The US Federal Reserve has already embarked upon raising interest rates, signalling three hikes in 2017. Investors should not underestimate the significance of this shift: there could be serious ramifications for areas of the market that have benefited disproportionately from quantitative easing.
As monetary stimulus recedes, fiscal stimulus is touted to take over, not just in the US, but also in other major economies. Pressure to act is growing in Japan, and fiscal expansion is becoming a theme across Europe too, now that austerity has slipped from the policy agenda.
This further supports the view that we can expect more growth, more inflation and further rate rises. This could cause indigestion within the bond markets, after a 30-year run-up in prices.
Europe: populism and popularity
In Europe, the election cycle presents political risks, which we continue to monitor carefully.
Brexit has dealt a blow to the European Project, and populist parties have seized their chance to try to widen anti-EU fissures. Although it looks unlikely at this stage any of them (Party for Freedom, Netherlands; National Front, France; Alternative for Germany) will gain enough support to form a majority or governing coalition at elections this year, the seats they win could disrupt policy-making mechanisms.
‘Brexit has dealt a blow to the European Project’
If we look at investors’ attitudes towards European investment, however, there is an argument that they are being overly pessimistic. Equity valuations do not appear as stretched relative to the US, and with spare capacity in the euro-area labour market and lower inflationary pressures, corporate earnings could play catch-up with their US peers.
We are being selective in our allocations across Europe, looking for pockets of growth and value.
The new regime
We believe reflation is coming as the recovery continues. We also expect fiscal policy to define the new regime as central banks step back from stimulus. In this scenario the performance of assets are likely to diverge as investors reassess the value of their investments.
Broadly, we think this environment is supportive of equities – although we think returns could be lower than recent years. Our tactical strategy, given political unknowns, is to exercise caution but be prepared for opportunities.
This has seen us tilting into reflation trades, such as commodities and instruments exhibiting a value style bias, while at the same time taking profits on trades that have performed well for us, such as high yield bonds.
Market volatility looks set to pick up around election dates, on noise surrounding Trump’s policies, and further Brexit developments.
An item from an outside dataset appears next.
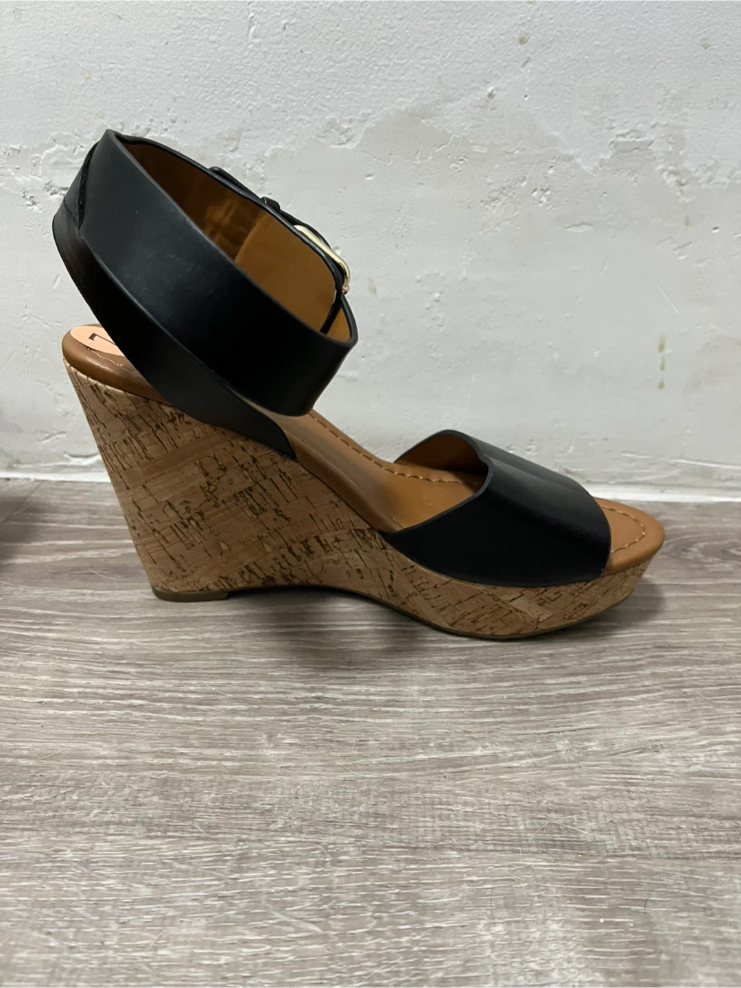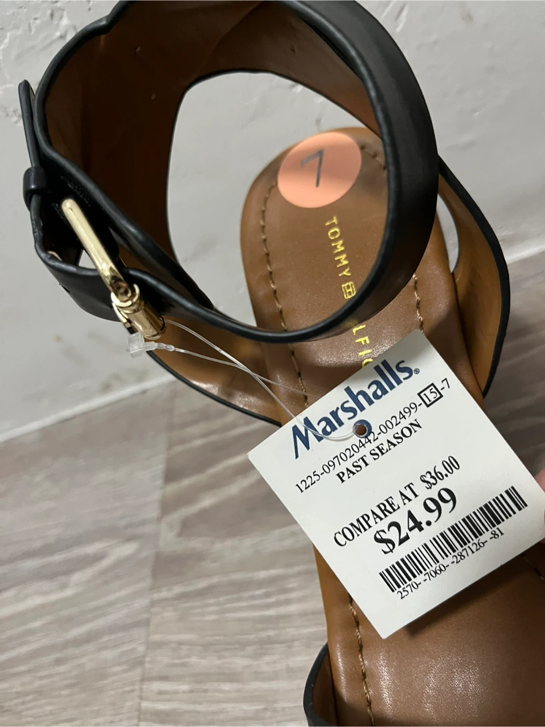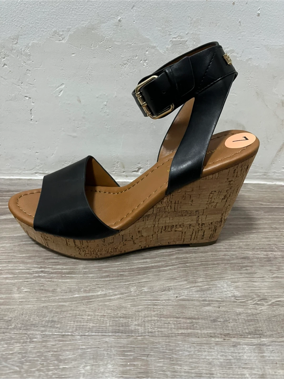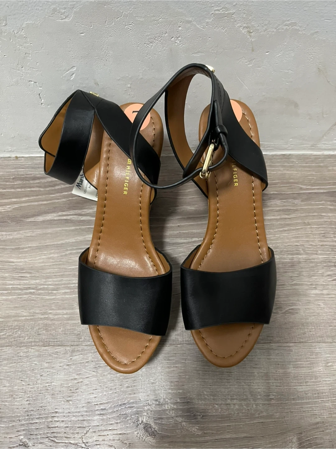 New Tommy Hilfiger black wedge sandals in a size 7. Cork- style wedge heel and an ankle strap with a gold buckle.

We will look to add to areas dynamically where assets have sold down and we see value appearing.
Fiscal policy: government policies involved in setting tax rates and government spending levels. Fiscal expansion typically relates to an increase in government spending and/or a reduction in taxes.
Reflation: policies intended to stimulate an economy and promote inflation (rising prices).
Reflation trades are investment positions that could benefit from rising inflation and higher economic growth. ‘Trumpflation’ is the inflation that may appear as a result of Trump’s policies.
Spare capacity: unused economic resources (labour and capital). If an economy has spare capacity it can respond to an increase in aggregate demand without suffering pressure on supply.
Past performance is not a guide to future performance. The value of an investment and the income from it can fall as well as rise and you may not get back the amount originally invested.
The information in this article does not qualify as an investment recommendation.